Equilateral triangle ABC and isosceles triangle DBC share side BC. If angle BDC= 34 and BD=BC, what is the measure of angle ABD?
I don't know how to solve this questions, can someone guide me through?
See other post.
To solve this question, we need to use the properties of angles in triangles. Here's a step-by-step guide on how to solve it:
1. Start by drawing the given triangles. Draw equilateral triangle ABC and isosceles triangle DBC, with BC as the common side.
B
/ \
/ \
/ \
A-------C
\
\
\
D
2. Since triangle ABC is equilateral, all angles in this triangle are equal to 60 degrees. Therefore, angle ABC = angle ACB = angle BAC = 60 degrees.

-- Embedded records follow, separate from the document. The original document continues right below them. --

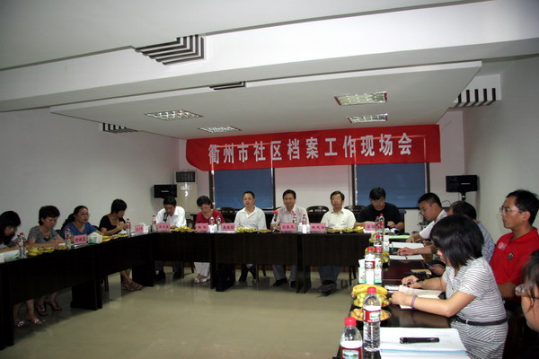 2009年9月25日,衢州市社区档案工作现场会在柯城区府山街道蛟池街社区召开,衢州市档案局局长张爱国,副局长程军、陈忠涛,纪检组长聂益武、柯城区委副书记吕跃龙及各县(市、区)档案局领导、业务科长、社区代表参加了会议。会上,柯城区委副书记吕跃龙介绍了柯城区社区档案工作建设情况,柯城区档案局就全区社区档案工作情况作了汇报,蛟池街社区作了典型发言。在参观了蛟池街社区档案工作现场以后,与会的各县(市、区)代表作了表态发言。最后,市档案局张爱国局长对衢州市社区档案工作作了总结和工作部署。上图为会议现场。
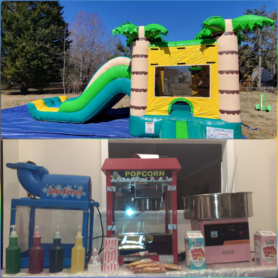 Our Bounce House with Slide -Concession Package rental Includes any available Bounce House with Slide of your choice along with a a Cotton Candy Machine, Popcorn Machine and a Snow Cone Machine. Our package includes 40 complimentary servings with each concession rental.
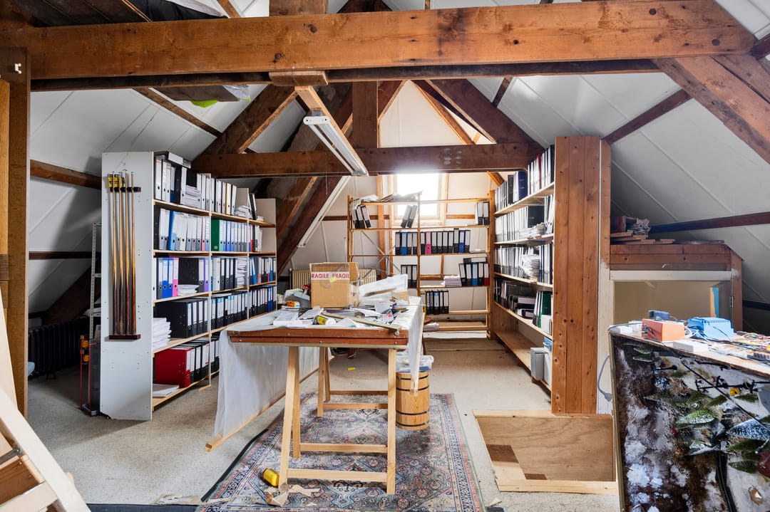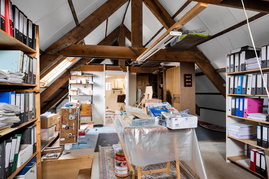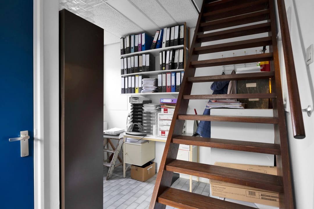 Pantry (bijna 13 m²) met toilet, bergruimte en vaste trap naar de 1e verdieping.
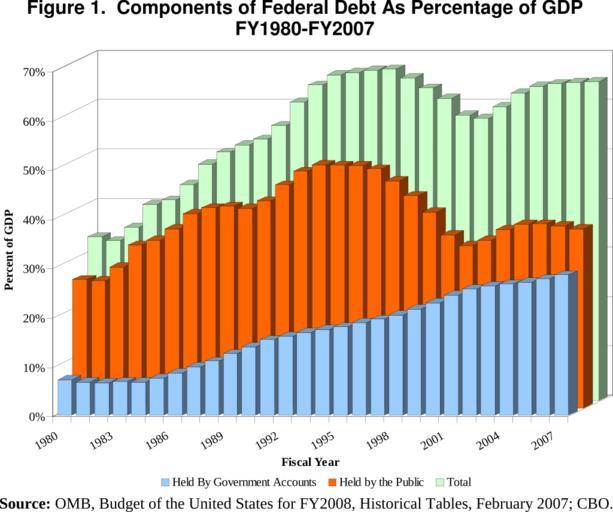 | Keywords: Components of Federal Debt as % of GDP 1980-2007.svg en Components of Federal Debt As Percentage of GDP FY1980-FY2007 Source OMB Budget of the United States for FY2008 Historical Tables February 2007; CBO http //fpc state gov/documents/organization/105193 pdf The Debt Limit History and Recent Increases CRS-6 Congressional Research Service D Andrew Austin 2008-04-29 Congressional Research Service Debt-to-GDP ratio of the United States PD-USGov Components of Federal Debt as % of GDP 1980-2007.svg en Components of Federal Debt As Percentage of GDP FY1980-FY2007 Source OMB Budget of the United States for FY2008 Historical Tables February 2007; CBO http //fpc state gov/documents/organization/105193 pdf The Debt Limit History and Recent Increases CRS-6 Congressional Research Service D Andrew Austin 2008-04-29 Congressional Research Service Debt-to-GDP ratio of the United States PD-USGov |
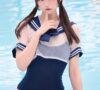 瑚桃きらり「たぬき顔×黒髪ツイン×スク水 = 至高」!透明感あふれるスク水ショットにファン悶絶!
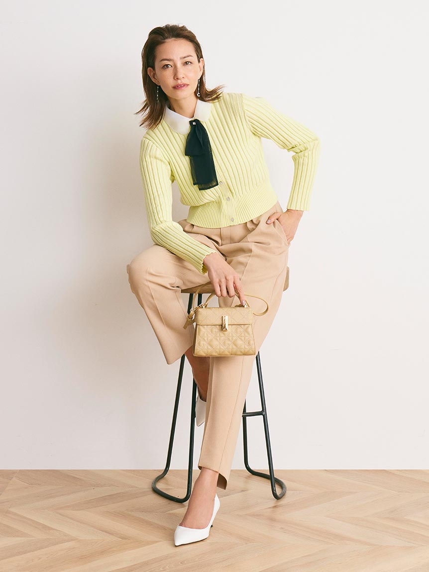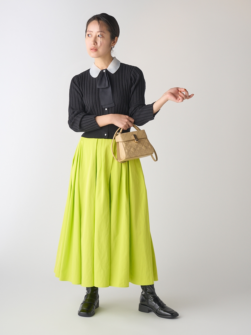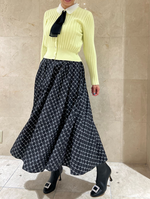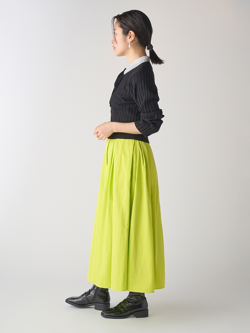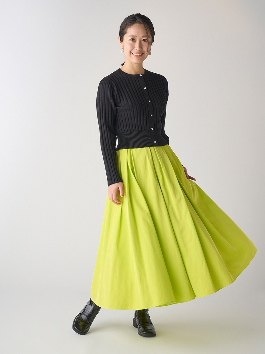 丈感はスカートでもパンツでも合わせやすい程よい丈感で裾はリブ編みで少しフィットする仕様になっています。

3. Let's find angle ABD. Since BD=BC and triangle DBC is isosceles, angle BDC = angle BCD. Given that angle BDC = 34 degrees, we can conclude that angle BCD is also 34 degrees.
4. Since the sum of angles in a triangle is 180 degrees, we can find angle CBD. Angle BCD + angle CBD + angle BDC = 180 degrees. Substituting the known values, we have 34 + angle CBD + 34 = 180. Simplifying, we get angle CBD = 112 degrees.
5. Since BC=BD and triangle CBD is isosceles, angle CBD = angle BDC. Therefore, angle BDC = 112 degrees.
6. Now, let's find angle ABD. Since angle ABD + angle BDC + angle BDA = 180 degrees, we can substitute the known values. angle ABD + 112 + 60 = 180 degrees. Simplifying, we have angle ABD = 8 degrees.
Therefore, the measure of angle ABD is 8 degrees.